Following is a code snippet from sw/host.cpp to illustrate these concepts:

```
#include "adf/adf_api/XRTConfig.h"
#include "experimental/xrt_kernel.h"
...
//1. Get OpenCL platform and device, prepare OpenCL context and command queue. Program xclbin, and get kernel objects from the program. adf::registerXRT() is needed for ADF API.
cl::Device device;
std::vector<cl::Platform> platforms;
cl::Platform::get(&platforms);
...
cl::Context context(device);
cl::CommandQueue q(context, device, CL_QUEUE_PROFILING_ENABLE | CL_QUEUE_OUT_OF_ORDER_EXEC_MODE_ENABLE);
...
cl::Program::Binaries bins;
cl::Program program(context, devices, bins);
cl::Kernel krnl_s2mm(program,"s2mm"); //get kernel object
...
// Create XRT device handle for ADF API
void *dh;
device.getInfo(CL_DEVICE_HANDLE, &dh);
auto dhdl = xrtDeviceOpenFromXcl(dh);
auto top = reinterpret_cast<const axlf*>(buf);
adf::registerXRT(dhdl, uuid);

//2. Prepare device buffers for kernels. Transfer data from host memory to global memory in device. 
std::complex<short> *host_out; //host buffer
cl::Buffer buffer_out(context, CL_MEM_WRITE_ONLY, output_size_in_bytes);
host_out=(std::complex<short>*)q.enqueueMapBuffer(buffer_out,true,CL_MAP_READ,0,sizeof(int)*OUTPUT_SIZE,nullptr,nullptr,nullptr);

//3. The host program sets up the kernel with its input parameters
krnl_s2mm.setArg(0,buffer_out);
krnl_s2mm.setArg(2,OUTPUT_SIZE);

//Launch the Kernel
q.enqueueTask(krnl_s2mm);

// ADF API: Initialize, run and update graph parameters (RTP)
gr.run(4);
gr.update(gr.trigger,10);
gr.update(gr.trigger,10);
gr.update(gr.trigger,100);
gr.update(gr.trigger,100);
gr.wait();

//4. Wait for kernel completion. 
q.finish();//Wait for s2mm to complete    

//5. Transfer data from global memory in device to host memory.
q.enqueueMigrateMemObjects({buffer_out},CL_MIGRATE_MEM_OBJECT_HOST);	
q.finish();//Wait for memory transfer to complete

//6. post-processing on host memory - "host_out"
```

Head files adf/adf_api/XRTConfig.h and experimental/xrt_kernel.h are needed by the adf API and XRT API.

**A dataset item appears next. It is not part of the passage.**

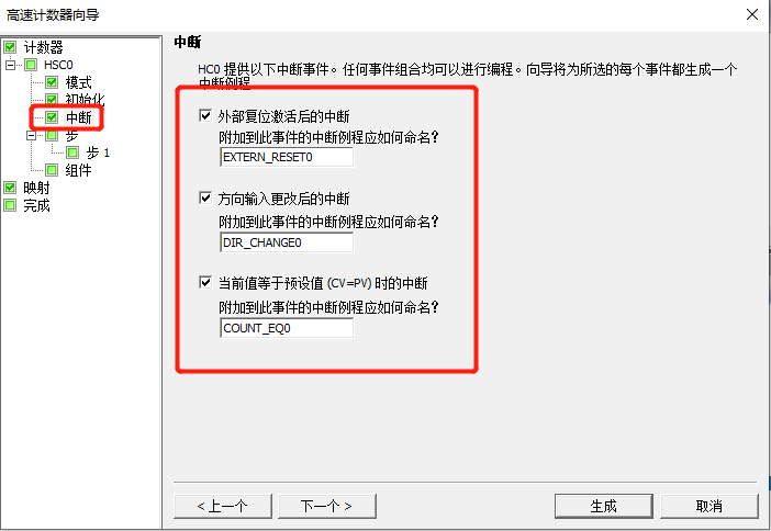 4)当前值等于预置值时产生的中断,通过向导,可以在该中断的服务程序中重新设置高速计数器的参数,如预置值、当前值。一个这样的过程称为‘一步‘。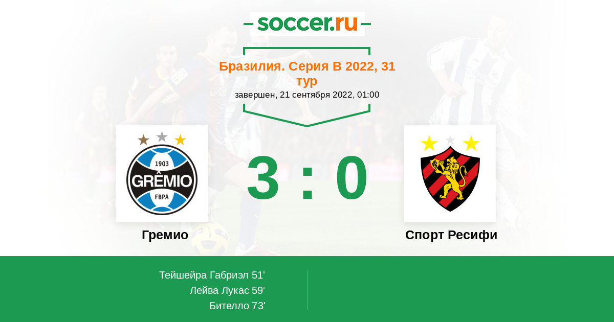 51' (1:0) Тейшейра Габриэл (17) (Соуза Диего (29))

Note: In this example, graph execution needs to start before finish() for the command queue. If finish() is invoked first, which is a blocking call, the graph will never start and provide output to s2mm, and hence the application will hang on the blocked point.

The next step is to use v++ with -p to generate the package file. The make command is:

make package

The corresponding v++ command is:

```
v++ -p -t hw_emu -f $PLATFORM_REPO_PATHS/xilinx_vck190_es1_base_202220_1/xilinx_vck190_es1_base_202220_1.xpfm \
--package.rootfs $PLATFORM_REPO_PATHS/sw/versal/xilinx-versal-common-v2022.2/rootfs.ext4  \
--package.kernel_image $PLATFORM_REPO_PATHS/sw/versal/xilinx-versal-common-v2022.2/Image  \
--package.boot_mode=sd \
--package.image_format=ext4 \
--package.defer_aie_run \
--package.sd_dir data \
--package.sd_file host.exe vck190_aie_base_graph_hw_emu.xclbin libadf.a
```

Here --package.defer_aie_run specifies that the Versal AI Engine cores will be enabled by the PS. When not specified, the tool will generate CDO commands to enable the AI Engine cores during PDI load instead.

--package.sd_dir <arg> specifies a directory path to package into the *sd_card* directory/image, which is helpful for including some golden data into the package.

--package.sd_file <arg>” is used to specify files to package into the *sd_card* directory/image.

For more details about v++ -p (--package) options, refer to Application Acceleration Development (UG1393).